**Your objective**
If pictures appear among the lines below, leave them out while you return exactly the lines from the one with "#KashiSarees #BanarasiMotifs #DecodingDesigns" through the one with "China's new Foreign".

**Information shown**
*** Block opens ***

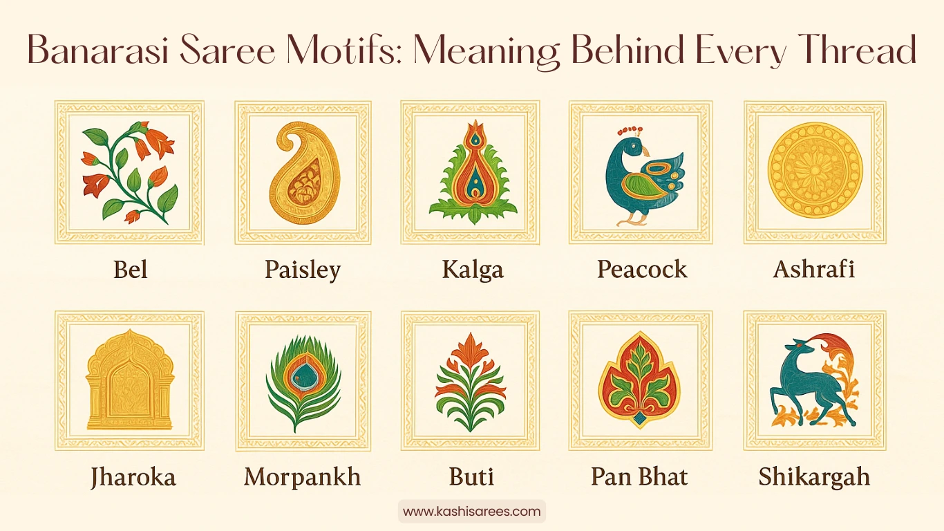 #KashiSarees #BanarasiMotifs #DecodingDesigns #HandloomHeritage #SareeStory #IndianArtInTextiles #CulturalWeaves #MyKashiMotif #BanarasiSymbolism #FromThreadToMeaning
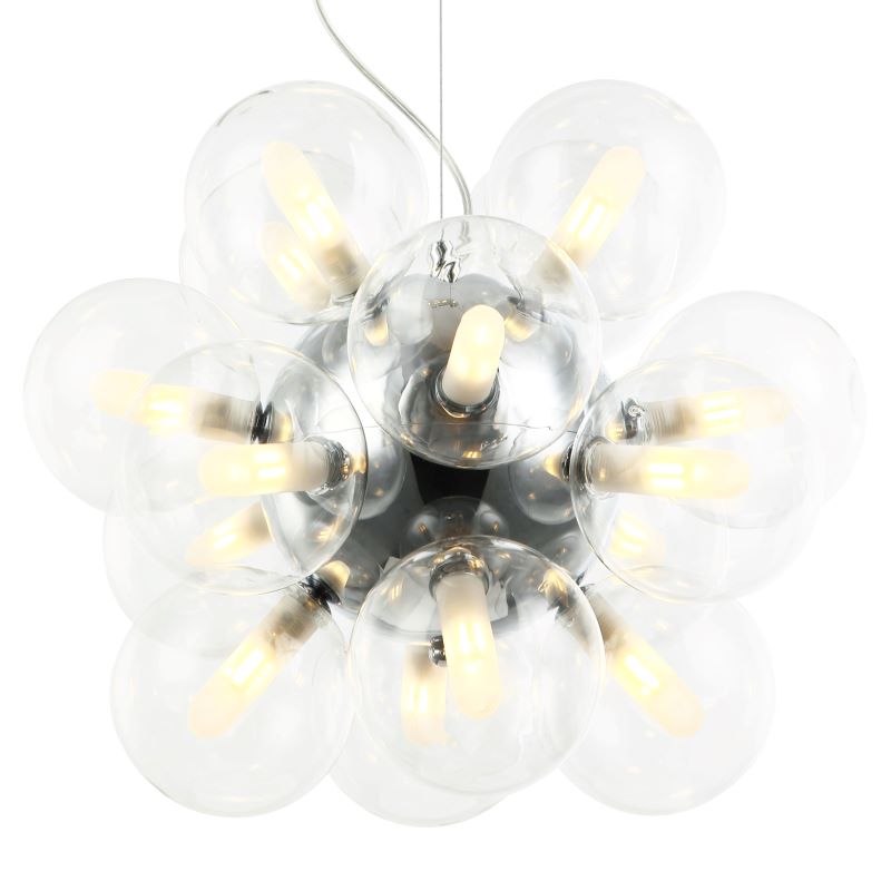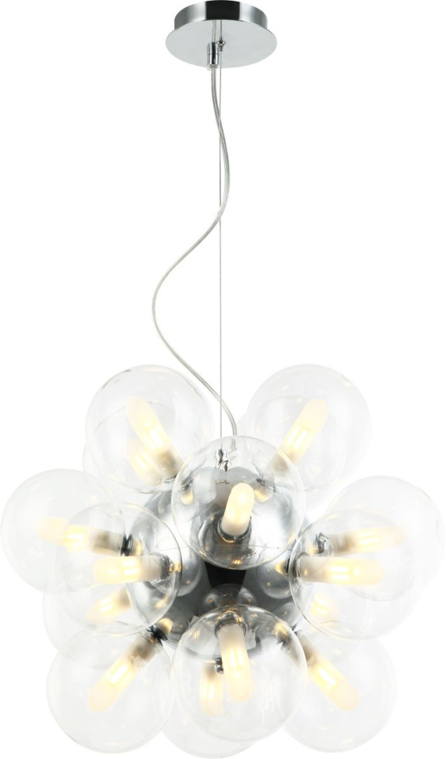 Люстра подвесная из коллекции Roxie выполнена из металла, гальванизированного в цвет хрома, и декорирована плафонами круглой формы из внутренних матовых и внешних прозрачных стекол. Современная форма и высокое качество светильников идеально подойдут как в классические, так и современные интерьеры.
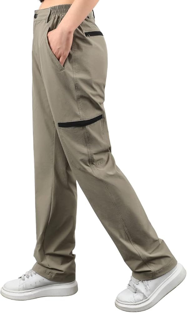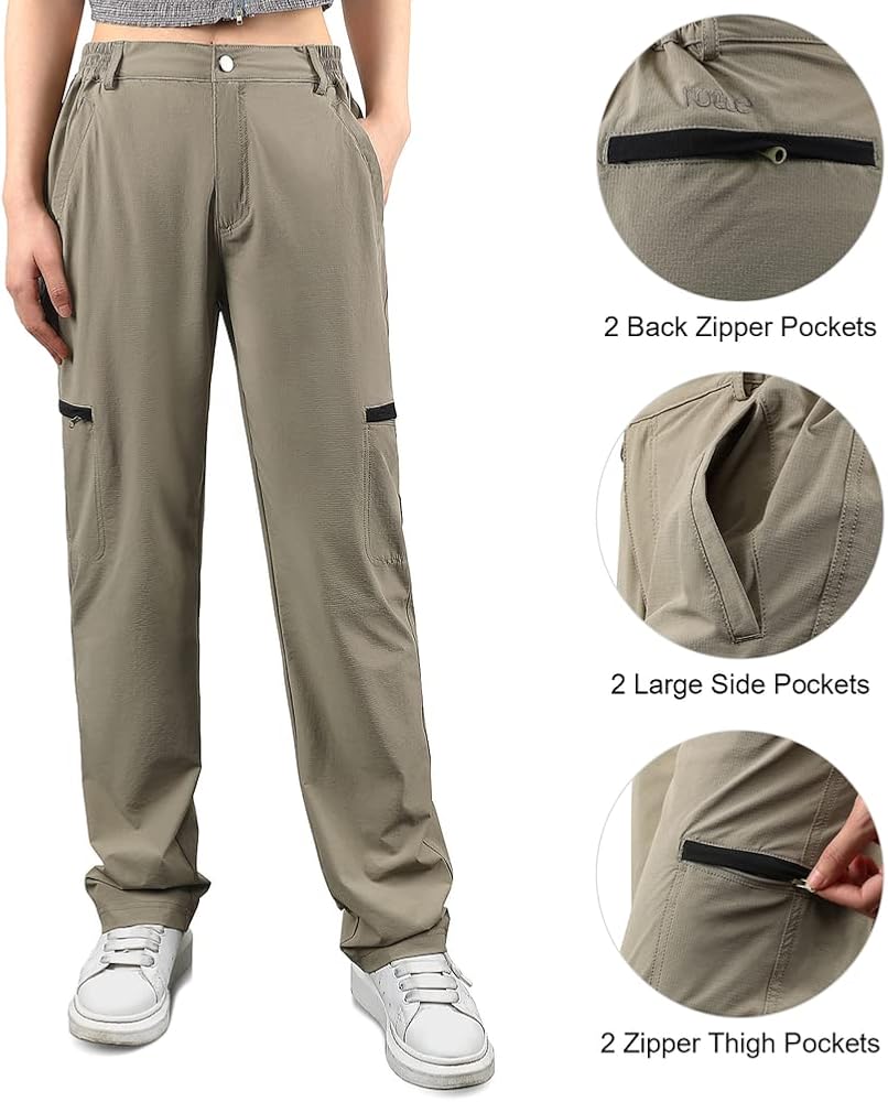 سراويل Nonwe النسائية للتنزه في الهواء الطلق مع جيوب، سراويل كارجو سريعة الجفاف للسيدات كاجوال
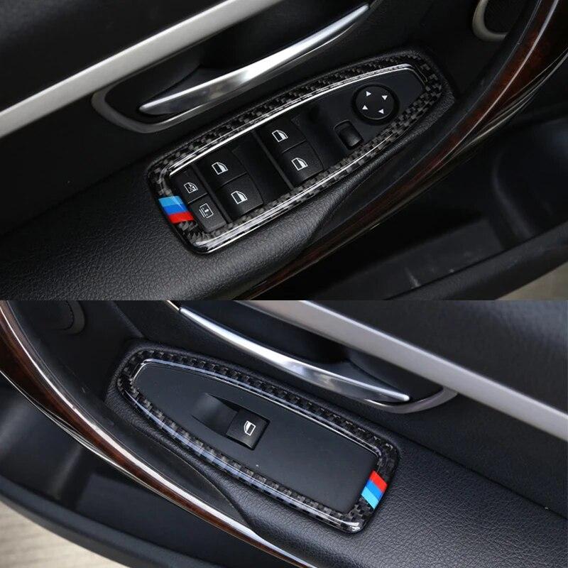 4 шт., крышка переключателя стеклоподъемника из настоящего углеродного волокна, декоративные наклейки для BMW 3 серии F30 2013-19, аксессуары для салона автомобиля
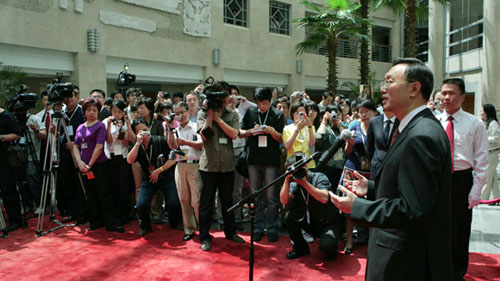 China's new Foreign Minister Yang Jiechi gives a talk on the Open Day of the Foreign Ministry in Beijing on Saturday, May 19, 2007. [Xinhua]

*** Block closes ***
*** Block opens ***

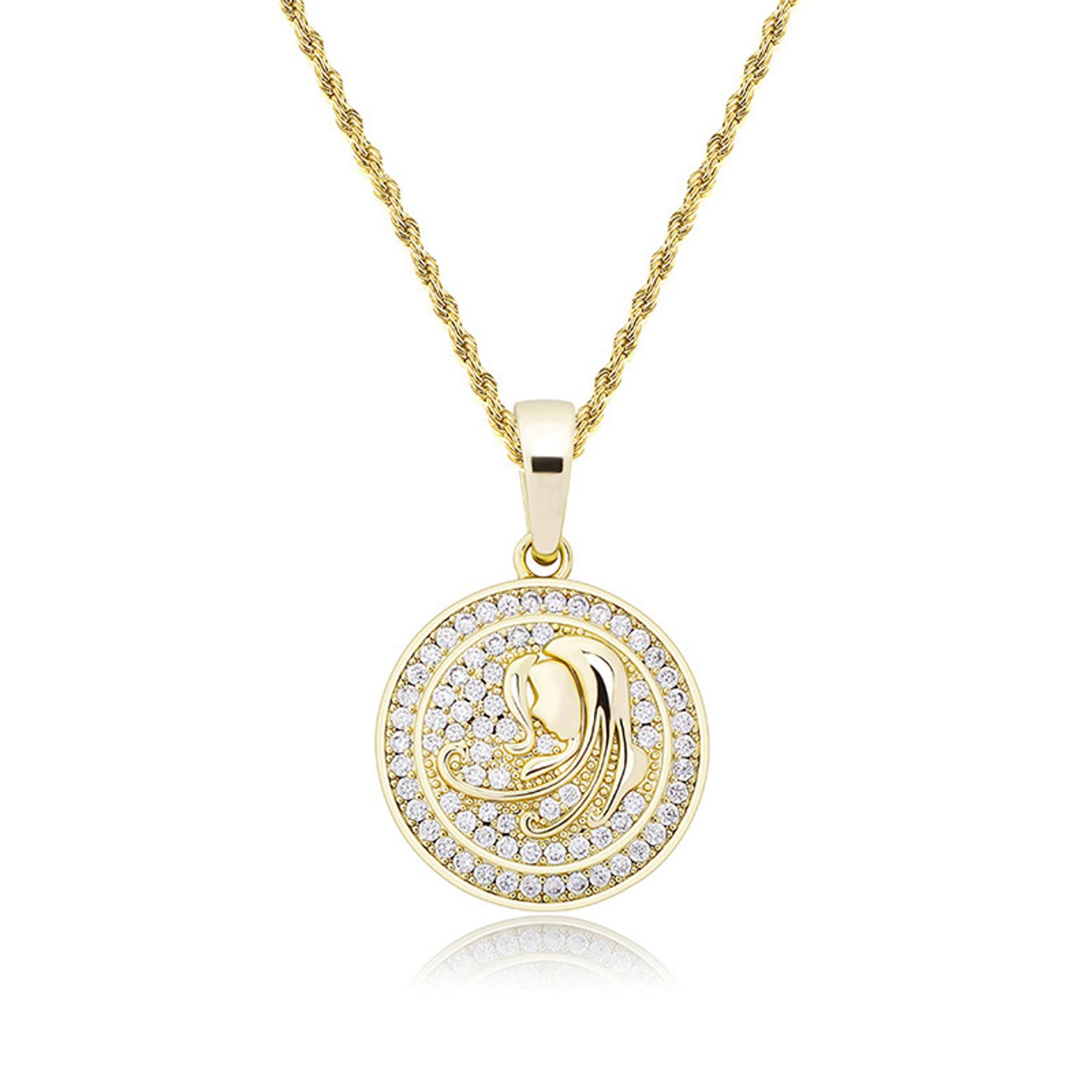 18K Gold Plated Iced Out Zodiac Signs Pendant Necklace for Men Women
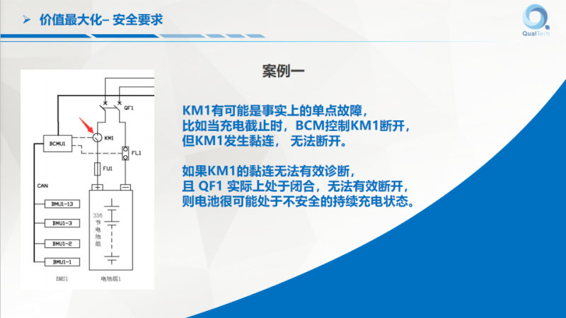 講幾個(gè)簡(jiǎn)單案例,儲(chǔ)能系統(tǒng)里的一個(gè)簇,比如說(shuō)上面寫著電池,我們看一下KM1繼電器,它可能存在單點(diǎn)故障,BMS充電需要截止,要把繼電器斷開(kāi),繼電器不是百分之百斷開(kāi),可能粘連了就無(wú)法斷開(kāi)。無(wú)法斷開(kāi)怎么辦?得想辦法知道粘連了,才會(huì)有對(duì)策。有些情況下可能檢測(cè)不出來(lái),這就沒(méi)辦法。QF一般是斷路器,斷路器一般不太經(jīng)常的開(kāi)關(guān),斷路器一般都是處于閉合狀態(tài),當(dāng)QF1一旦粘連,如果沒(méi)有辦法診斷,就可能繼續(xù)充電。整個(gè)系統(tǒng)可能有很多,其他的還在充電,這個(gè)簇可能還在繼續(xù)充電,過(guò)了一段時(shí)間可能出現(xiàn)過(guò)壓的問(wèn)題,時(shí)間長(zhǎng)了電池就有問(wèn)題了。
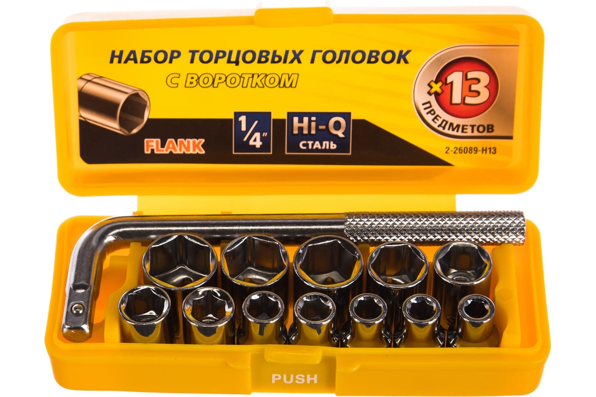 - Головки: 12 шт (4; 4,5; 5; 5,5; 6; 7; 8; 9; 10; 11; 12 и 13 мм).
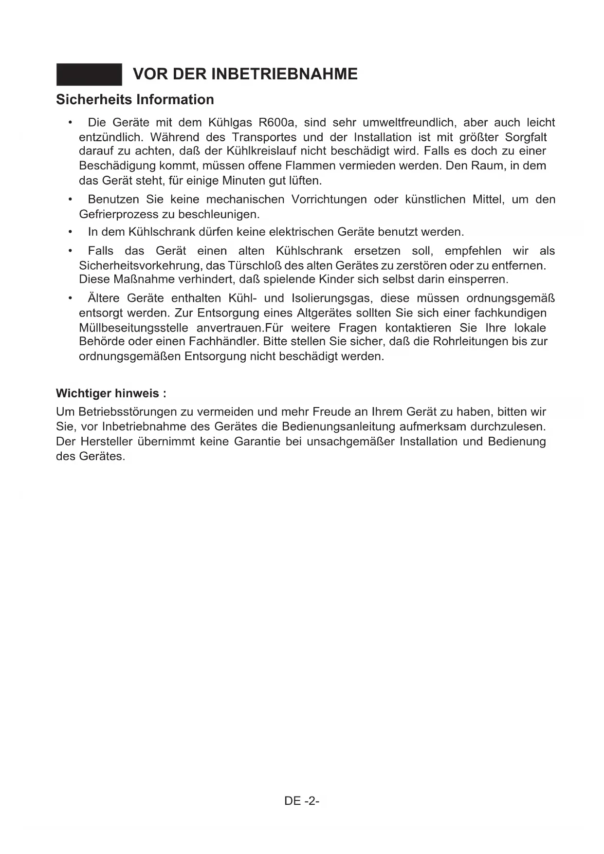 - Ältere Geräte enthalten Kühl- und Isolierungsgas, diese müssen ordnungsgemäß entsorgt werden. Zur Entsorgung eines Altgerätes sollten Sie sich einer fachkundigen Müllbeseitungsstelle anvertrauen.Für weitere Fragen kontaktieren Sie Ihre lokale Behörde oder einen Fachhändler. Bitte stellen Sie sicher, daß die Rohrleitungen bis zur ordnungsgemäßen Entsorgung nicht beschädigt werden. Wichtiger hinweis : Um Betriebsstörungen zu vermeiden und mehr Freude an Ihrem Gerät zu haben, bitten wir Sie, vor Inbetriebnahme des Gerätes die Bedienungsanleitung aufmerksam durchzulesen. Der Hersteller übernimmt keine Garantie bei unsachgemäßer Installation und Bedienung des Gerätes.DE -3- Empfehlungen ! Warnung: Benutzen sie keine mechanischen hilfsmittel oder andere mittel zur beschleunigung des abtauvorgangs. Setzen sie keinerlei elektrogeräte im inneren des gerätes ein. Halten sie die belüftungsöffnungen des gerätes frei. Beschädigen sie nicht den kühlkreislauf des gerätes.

*** Block closes ***

**Task output**
 #KashiSarees #BanarasiMotifs #DecodingDesigns #HandloomHeritage #SareeStory #IndianArtInTextiles #CulturalWeaves #MyKashiMotif #BanarasiSymbolism #FromThreadToMeaning
 Люстра подвесная из коллекции Roxie выполнена из металла, гальванизированного в цвет хрома, и декорирована плафонами круглой формы из внутренних матовых и внешних прозрачных стекол. Современная форма и высокое качество светильников идеально подойдут как в классические, так и современные интерьеры.
 سراويل Nonwe النسائية للتنزه في الهواء الطلق مع جيوب، سراويل كارجو سريعة الجفاف للسيدات كاجوال
 4 шт., крышка переключателя стеклоподъемника из настоящего углеродного волокна, декоративные наклейки для BMW 3 серии F30 2013-19, аксессуары для салона автомобиля
 China's new Foreign Minister Yang Jiechi gives a talk on the Open Day of the Foreign Ministry in Beijing on Saturday, May 19, 2007. [Xinhua]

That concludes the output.